• [Aim of the task] Take the line containing "Prada (High-end Quality)" and every line after it to the end of the material below; reproduce them exactly, without pictures.

━━━━━━━━━━━━━━━━━━━━━━━━━━━━━━

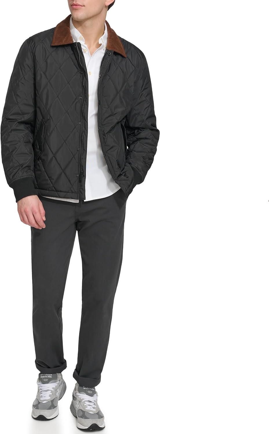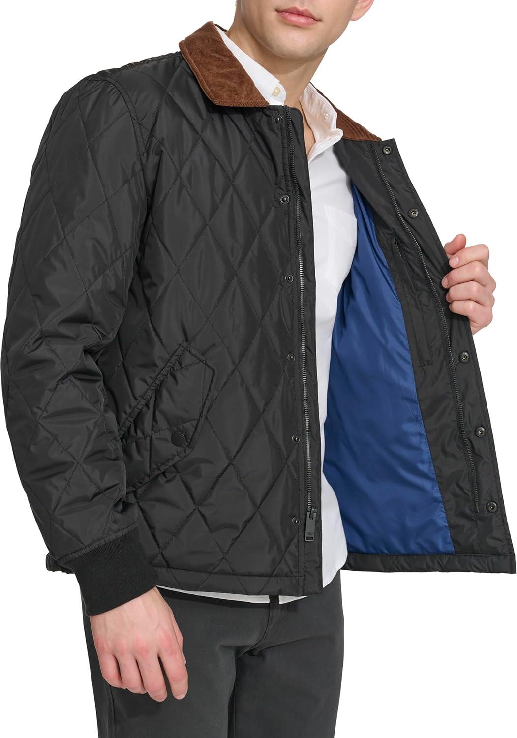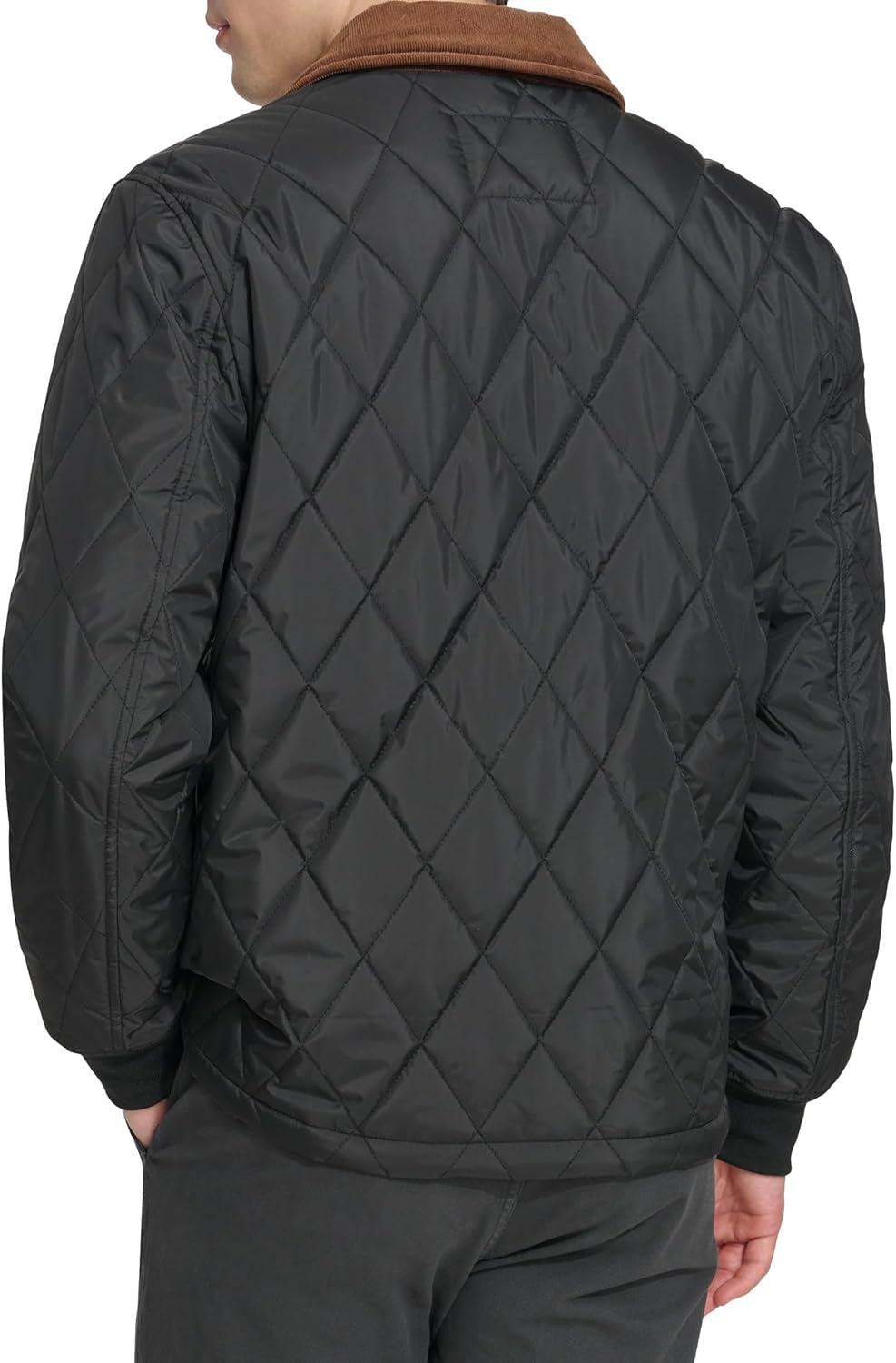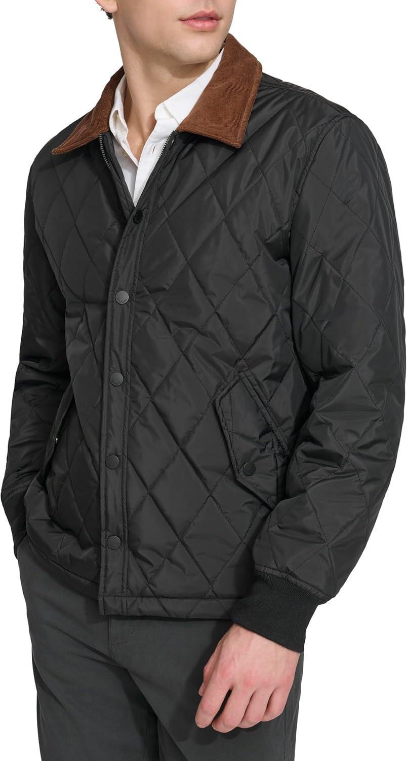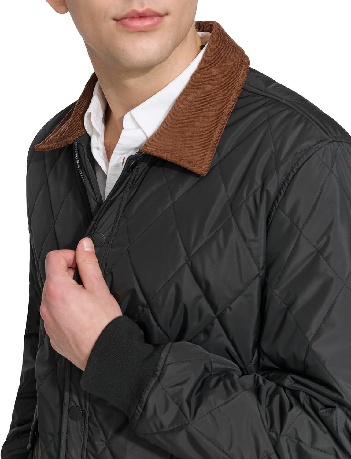 DOCKERS mens Diamond Quilted Jacket With Corduroy Collar(Black)
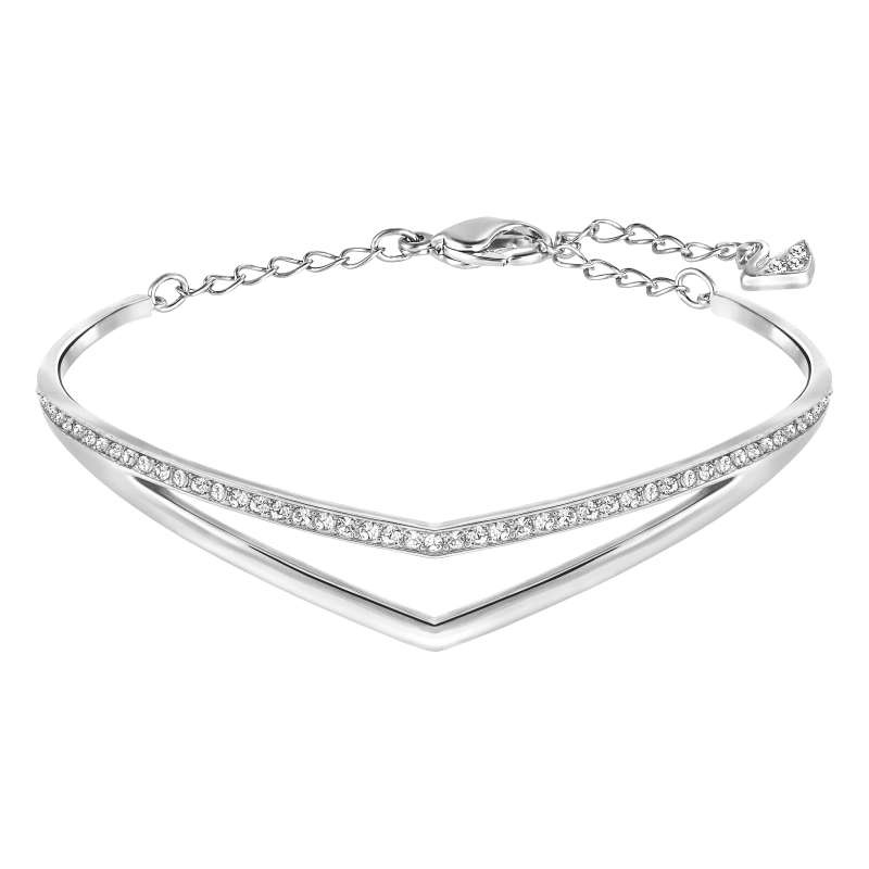 Изысканное, шикарное и при этом нетребовательное изделие. Основной элемент дизайна – органичный двойной V-образный силуэт. Браслет соответствует моде этого сезона на многослойные украшения. Прозрачное кристальное паве и родиевое покрытие на металле ярко блестят. Совет стилиста. наденьте сразу и другие браслеты Swarovski с покрытием из разных металлов, чтобы получился модный образ. Браслет размером 5,9 х 4,5 см снабжён застёжкой на цепочке регулируемой длины. | |
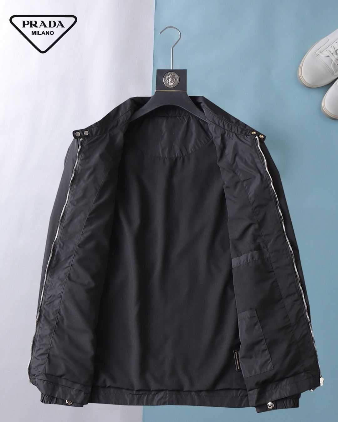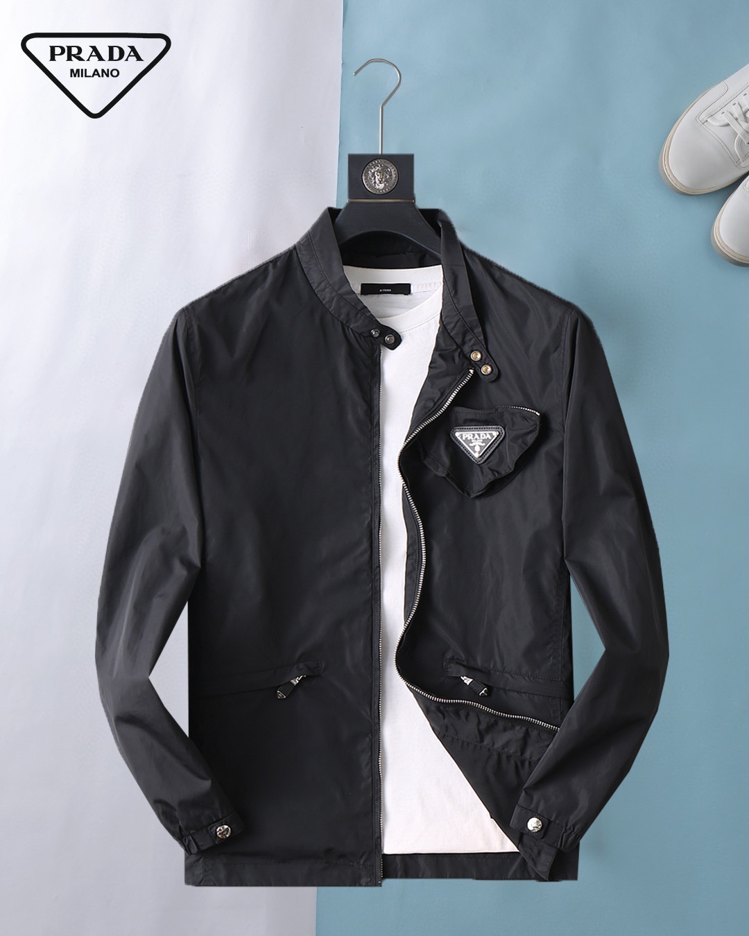 Prada (High-end Quality) Spring 2025 New Fashion Casual hooded Jacket, imported original technological fabric, comfortable and breathable when worn, exquisite handcrafted logo on the chest, unique European fashion style design, digital positioning printing process on the back, highlighting the personality of young people, original hardware accessories, extremely high grade, looking very cool when worn! Please report your height and weight when placing an order for M-3XL!
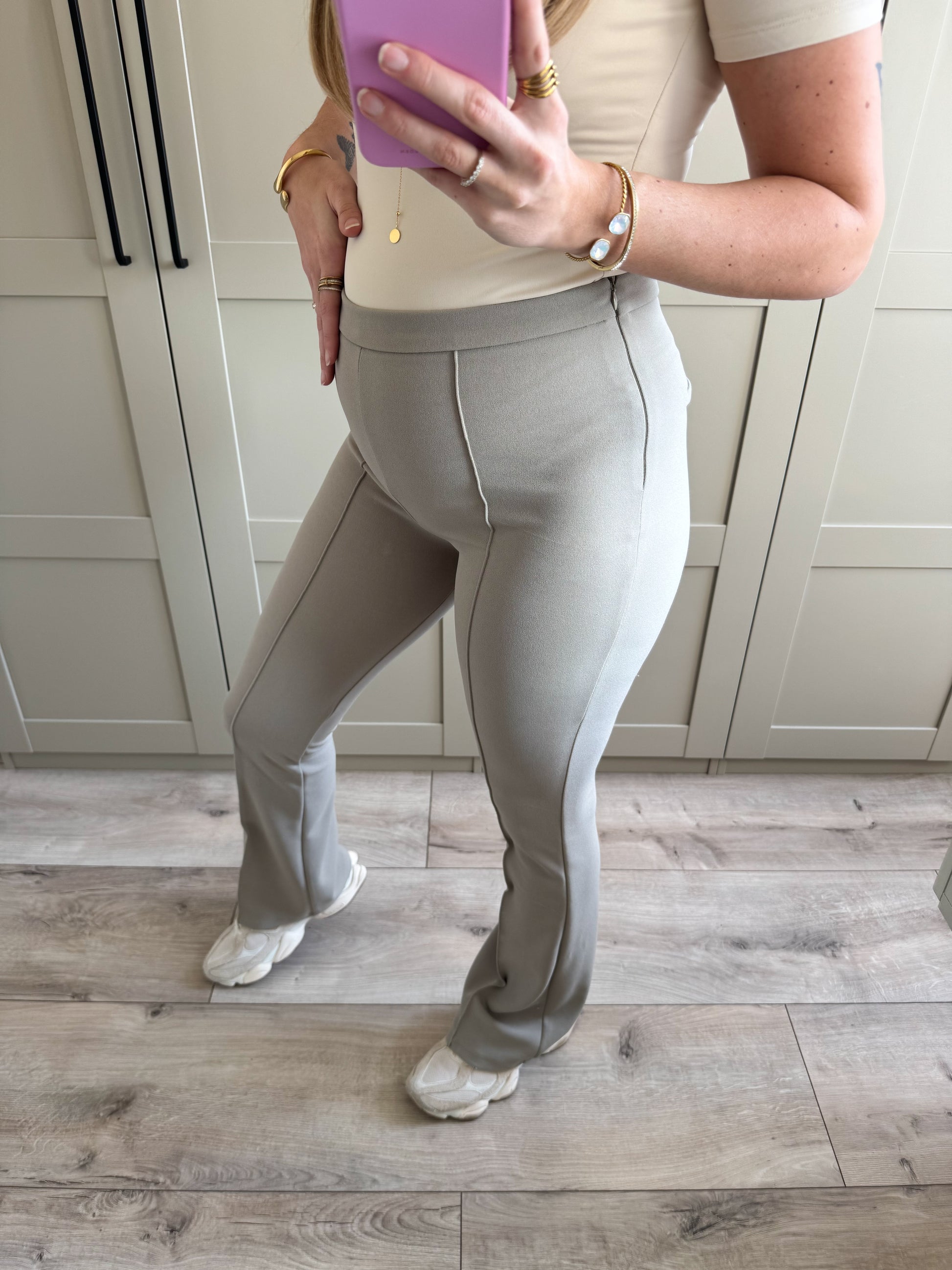 Deze flare broek bevat veel stretch en is highwaist. De broek is daarom ook preggy proof!
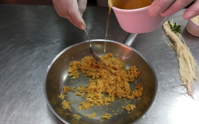 - Roast the Kunafa with clarified butter until it is golden and take it off the fire allowing it to cool down.
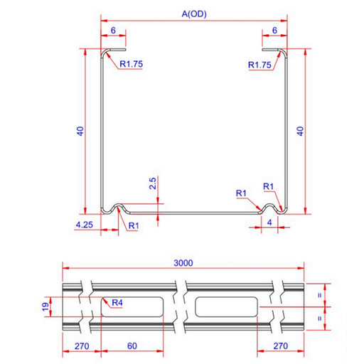 Stållægte til gipsvæg med kabelhul Materiale: Galvaniseret stål DX51D+Z140g Mål: 40x45 mm Længde: 3 meter Tykkelse: 0,5 mm Datablad

━━━━━━━━━━━━━━━━━━━━━━━━━━━━━━

• [Solution to this exercise]
 Prada (High-end Quality) Spring 2025 New Fashion Casual hooded Jacket, imported original technological fabric, comfortable and breathable when worn, exquisite handcrafted logo on the chest, unique European fashion style design, digital positioning printing process on the back, highlighting the personality of young people, original hardware accessories, extremely high grade, looking very cool when worn! Please report your height and weight when placing an order for M-3XL!
 Deze flare broek bevat veel stretch en is highwaist. De broek is daarom ook preggy proof!
 - Roast the Kunafa with clarified butter until it is golden and take it off the fire allowing it to cool down.
 Stållægte til gipsvæg med kabelhul Materiale: Galvaniseret stål DX51D+Z140g Mål: 40x45 mm Længde: 3 meter Tykkelse: 0,5 mm Datablad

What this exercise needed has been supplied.